Material shown:
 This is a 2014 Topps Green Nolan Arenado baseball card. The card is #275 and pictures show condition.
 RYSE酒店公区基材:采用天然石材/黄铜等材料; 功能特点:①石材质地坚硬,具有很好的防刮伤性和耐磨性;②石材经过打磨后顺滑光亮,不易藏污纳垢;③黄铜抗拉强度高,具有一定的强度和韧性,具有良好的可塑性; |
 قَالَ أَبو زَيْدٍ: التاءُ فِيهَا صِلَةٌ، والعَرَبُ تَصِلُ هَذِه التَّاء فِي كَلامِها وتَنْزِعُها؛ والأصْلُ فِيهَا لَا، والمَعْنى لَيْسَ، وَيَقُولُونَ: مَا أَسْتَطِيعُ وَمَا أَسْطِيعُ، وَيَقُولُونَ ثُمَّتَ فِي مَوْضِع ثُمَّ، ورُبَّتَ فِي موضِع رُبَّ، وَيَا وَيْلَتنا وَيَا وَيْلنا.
* * *
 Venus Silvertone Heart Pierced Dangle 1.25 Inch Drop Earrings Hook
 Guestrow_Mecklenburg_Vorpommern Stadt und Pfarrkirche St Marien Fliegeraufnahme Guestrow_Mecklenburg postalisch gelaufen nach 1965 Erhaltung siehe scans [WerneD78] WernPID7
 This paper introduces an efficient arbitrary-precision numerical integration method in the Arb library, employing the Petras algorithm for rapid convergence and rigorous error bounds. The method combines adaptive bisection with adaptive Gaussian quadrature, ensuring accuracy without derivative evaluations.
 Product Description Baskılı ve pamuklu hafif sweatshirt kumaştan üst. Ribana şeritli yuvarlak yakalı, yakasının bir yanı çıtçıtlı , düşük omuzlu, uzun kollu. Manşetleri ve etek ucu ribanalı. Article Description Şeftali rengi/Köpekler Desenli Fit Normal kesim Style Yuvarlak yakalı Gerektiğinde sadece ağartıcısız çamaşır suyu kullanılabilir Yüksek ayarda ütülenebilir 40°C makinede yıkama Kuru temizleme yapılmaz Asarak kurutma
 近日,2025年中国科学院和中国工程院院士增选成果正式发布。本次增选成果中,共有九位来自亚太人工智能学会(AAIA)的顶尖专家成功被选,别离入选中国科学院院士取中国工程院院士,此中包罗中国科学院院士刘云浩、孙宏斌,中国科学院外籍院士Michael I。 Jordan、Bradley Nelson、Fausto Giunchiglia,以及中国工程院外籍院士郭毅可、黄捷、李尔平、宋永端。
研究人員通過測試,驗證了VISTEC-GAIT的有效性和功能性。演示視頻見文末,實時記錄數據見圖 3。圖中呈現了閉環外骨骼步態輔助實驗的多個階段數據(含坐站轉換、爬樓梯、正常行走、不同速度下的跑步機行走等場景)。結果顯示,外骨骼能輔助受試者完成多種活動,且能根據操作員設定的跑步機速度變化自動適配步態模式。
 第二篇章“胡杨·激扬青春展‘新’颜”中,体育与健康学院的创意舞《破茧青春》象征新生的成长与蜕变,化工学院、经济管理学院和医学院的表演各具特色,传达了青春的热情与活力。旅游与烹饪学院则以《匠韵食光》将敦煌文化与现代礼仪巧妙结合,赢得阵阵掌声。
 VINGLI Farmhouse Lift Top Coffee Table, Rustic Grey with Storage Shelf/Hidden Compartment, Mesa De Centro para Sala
--
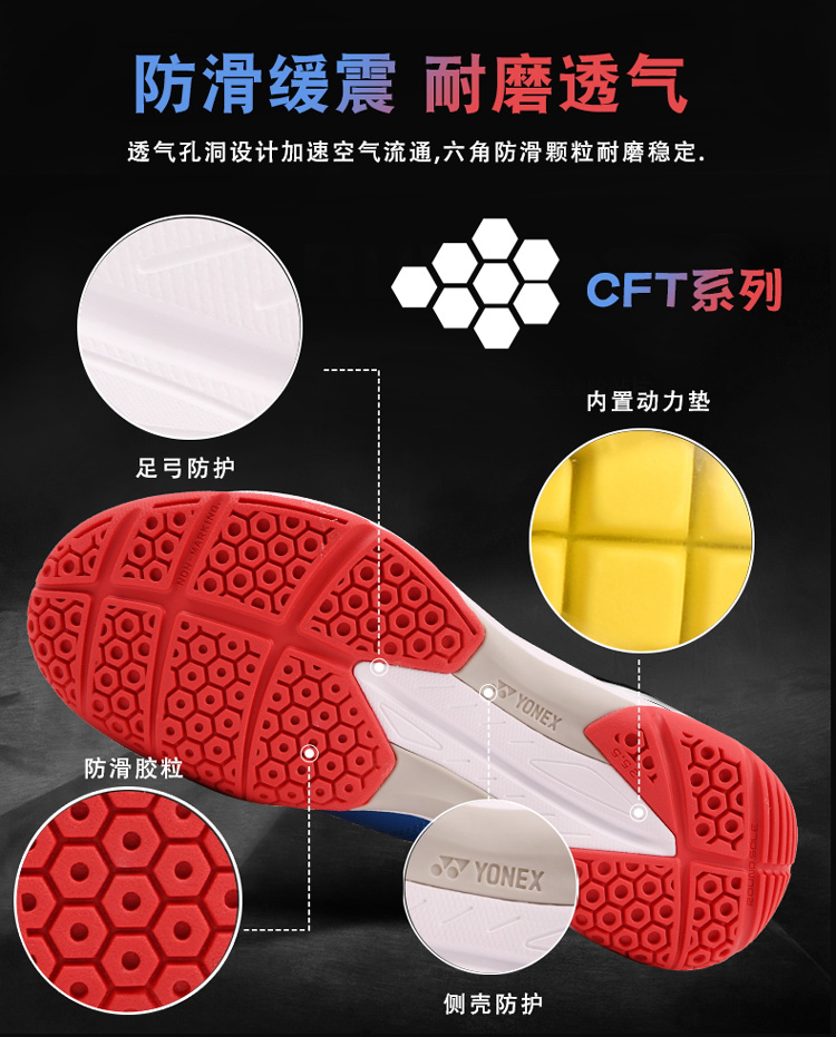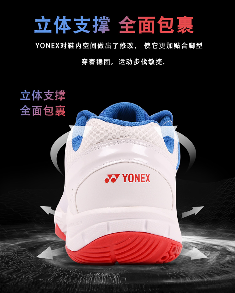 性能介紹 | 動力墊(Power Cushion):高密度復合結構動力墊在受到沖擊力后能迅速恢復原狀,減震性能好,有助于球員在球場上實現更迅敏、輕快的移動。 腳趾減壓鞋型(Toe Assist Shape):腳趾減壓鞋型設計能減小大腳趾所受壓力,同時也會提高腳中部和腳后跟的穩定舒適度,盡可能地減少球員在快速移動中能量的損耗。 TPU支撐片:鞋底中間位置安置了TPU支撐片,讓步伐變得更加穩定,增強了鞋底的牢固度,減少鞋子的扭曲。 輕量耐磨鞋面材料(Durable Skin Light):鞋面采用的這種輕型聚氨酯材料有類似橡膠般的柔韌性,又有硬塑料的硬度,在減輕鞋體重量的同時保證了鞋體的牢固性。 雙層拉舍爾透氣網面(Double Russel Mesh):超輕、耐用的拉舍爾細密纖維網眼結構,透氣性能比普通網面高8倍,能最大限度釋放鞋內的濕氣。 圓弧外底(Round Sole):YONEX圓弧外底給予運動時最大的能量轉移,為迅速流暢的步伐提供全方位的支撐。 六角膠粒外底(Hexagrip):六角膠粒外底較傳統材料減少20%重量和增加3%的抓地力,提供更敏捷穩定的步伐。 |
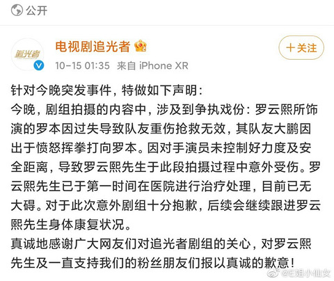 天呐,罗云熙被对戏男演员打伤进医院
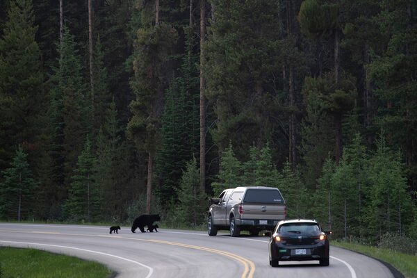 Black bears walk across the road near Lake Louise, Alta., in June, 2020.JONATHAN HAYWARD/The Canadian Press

Task instructions:
Beginning with the line containing "研究人員通過測試,驗證了VI" in the material above, copy every line exactly until you have copied the line containing "VINGLI Farmhouse Lift".

Result of the task:
研究人員通過測試,驗證了VISTEC-GAIT的有效性和功能性。演示視頻見文末,實時記錄數據見圖 3。圖中呈現了閉環外骨骼步態輔助實驗的多個階段數據(含坐站轉換、爬樓梯、正常行走、不同速度下的跑步機行走等場景)。結果顯示,外骨骼能輔助受試者完成多種活動,且能根據操作員設定的跑步機速度變化自動適配步態模式。
 第二篇章“胡杨·激扬青春展‘新’颜”中,体育与健康学院的创意舞《破茧青春》象征新生的成长与蜕变,化工学院、经济管理学院和医学院的表演各具特色,传达了青春的热情与活力。旅游与烹饪学院则以《匠韵食光》将敦煌文化与现代礼仪巧妙结合,赢得阵阵掌声。
 VINGLI Farmhouse Lift Top Coffee Table, Rustic Grey with Storage Shelf/Hidden Compartment, Mesa De Centro para Sala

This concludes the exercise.